## What you are asked to do
All of the data below should be repeated exactly. Pictures should not be included.

(Records from a data source)
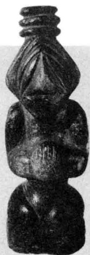
红山文化石人雕像
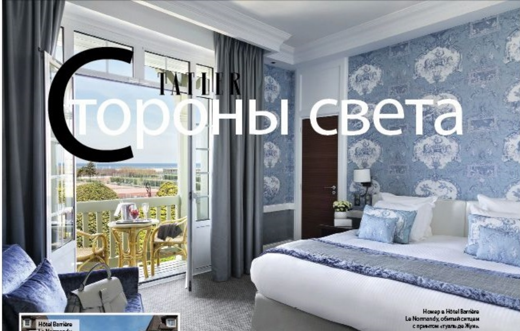
Номер в Hôtel Barrière Le Normandy, обитый ситцем с принтом «туаль де Жуи».
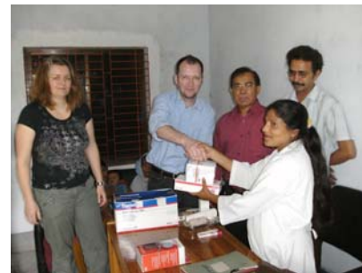
Übergabe von Verbandsmaterial an die Krankenschwester

ben, sowie ein gespendetes Blutdruckmessgerät übergeben. All das verbessert das Umfeld und die Betreuung der Patienten erheblich.
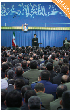
لقاء استخبارات القوات المسلحة

## Answer space
红山文化石人雕像
Номер в Hôtel Barrière Le Normandy, обитый ситцем с принтом «туаль де Жуи».
Übergabe von Verbandsmaterial an die Krankenschwester

ben, sowie ein gespendetes Blutdruckmessgerät übergeben. All das verbessert das Umfeld und die Betreuung der Patienten erheblich.
لقاء استخبارات القوات المسلحة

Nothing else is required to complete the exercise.